Australia's lead in soil carbon credits - A climate action advantage New Zealand could embrace

As September 2022 draws to a close, marking the conclusion of New Zealand's warmest winter on record, attention turns to an unexpected climate change battleground: soil. Guy Hudson, CEO of agricultural start-up Loam Bio, is in central Sydney, showcasing Australia's unique strategy in combating climate change through soil carbon sequestration.

Hudson, sitting on a park bench, highlights an ordinary-looking slice of Australian soil, emphasizing that, to him, all soil holds potential. Loam Bio's innovative approach involves a fungal seed coating, enhancing plants' carbon absorption capabilities and proving successful in entering the carbon market.

In Australia, soil carbon isn't just a climate solution; it's a cash crop. The Clean Energy Regulator has registered over 400 soil carbon projects eligible for carbon credits, offering farmers financial incentives for practices like converting land to permanent pasture or improving pasture management.

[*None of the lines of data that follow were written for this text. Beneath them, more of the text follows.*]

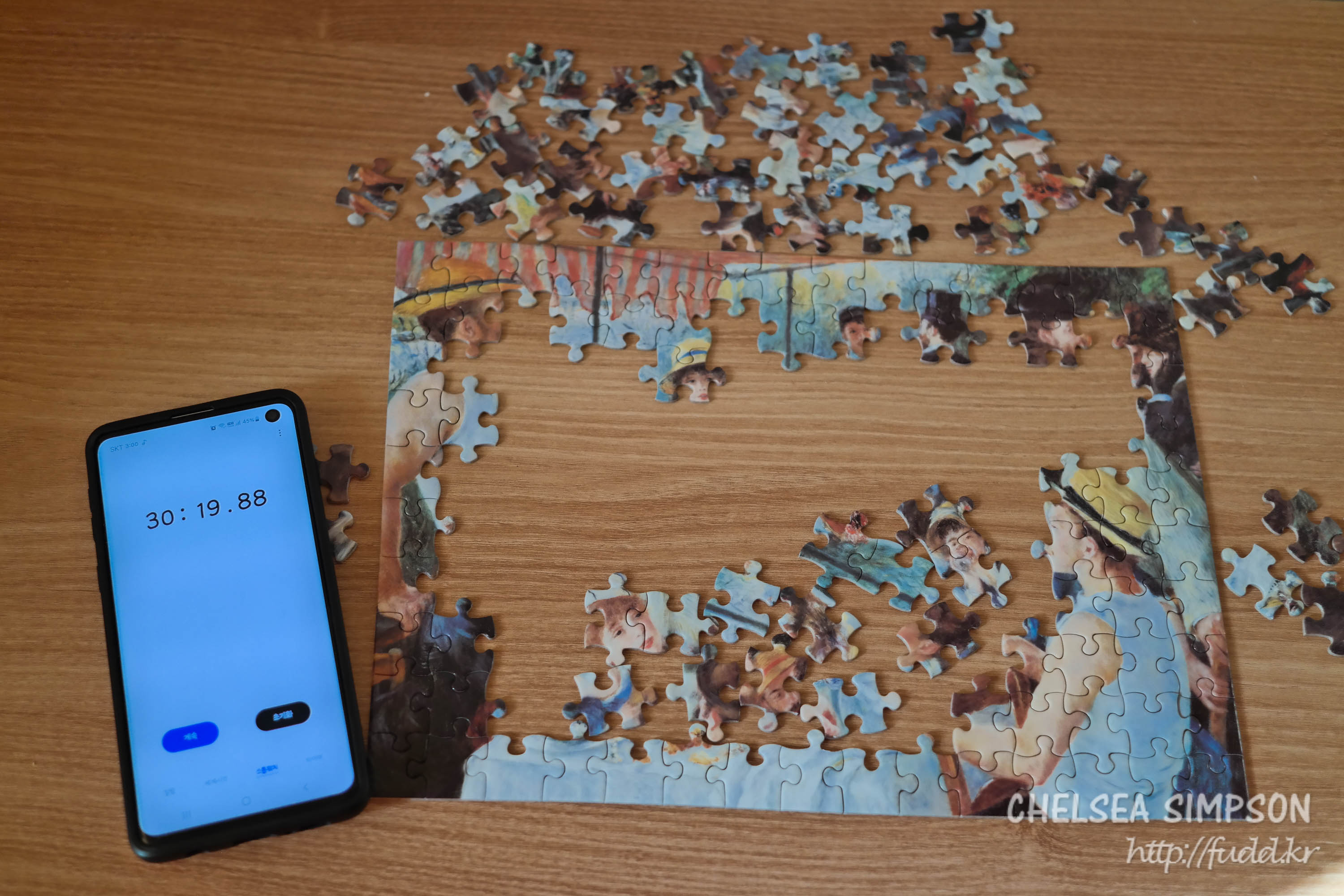 일반 150조각 퍼즐이라면 완성되어갈 시간인데 아직 절반밖에 하지 못했다.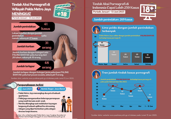 Sejak Januari sampai 13 Juni 2025, Polda Metro Jaya menindak 41 kasus pornografi. Hampir separuh atau 41,46 persen penindakan dilakukan di rumah sebagai tempat kejadian perkara.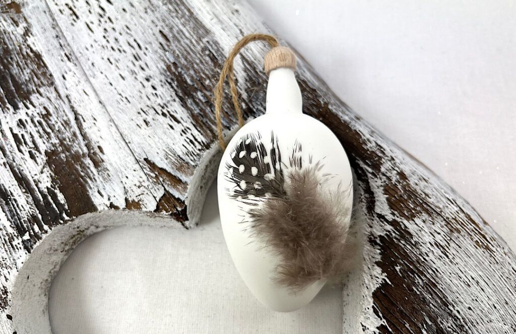 Sklenené vajíčko s pierkom . Na zavesenie poslúži jutový špagátik na drevenej čiapočke.

New Zealand's Missing Scheme? Despite having higher average soil carbon levels, New Zealand lacks a similar soil carbon credit scheme. While the nation typically considers itself ahead in climate action, Australia's focus on soil carbon as a valuable resource challenges this perception.

Soil carbon, often overshadowed by emissions from cars and factories, holds significant potential as a climate solution. Experts argue that increasing soil carbon can buy time for countries to address carbon dioxide emissions. New Zealand researchers believe that a 1% annual increase in soil carbon under pasture could temporarily offset the country's entire fossil fuel emissions.

Australia's embrace of soil carbon credits is not without challenges. Former Prime Minister Scott Morrison's ambitious plan faced criticism, and there are ongoing debates about credit values. However, Australia's extensive tracts of cultivated and often depleted soil provide ample room for improvement, giving farmers an advantage.

To replicate Australia's success, New Zealand would need evidence tailored to its conditions. Current research initiatives, such as a comprehensive soil carbon test, aim to gather crucial data. Challenges include determining the efficacy of different management practices and ensuring that carbon storage is both reliable and economically viable.

Australia's soil carbon strategy offers a unique pathway for climate action. New Zealand's potential involvement hinges on scientific evidence and adaptation of successful practices. As research progresses, soil carbon may emerge as a valuable asset, providing farmers with a new revenue stream and contributing to global climate efforts.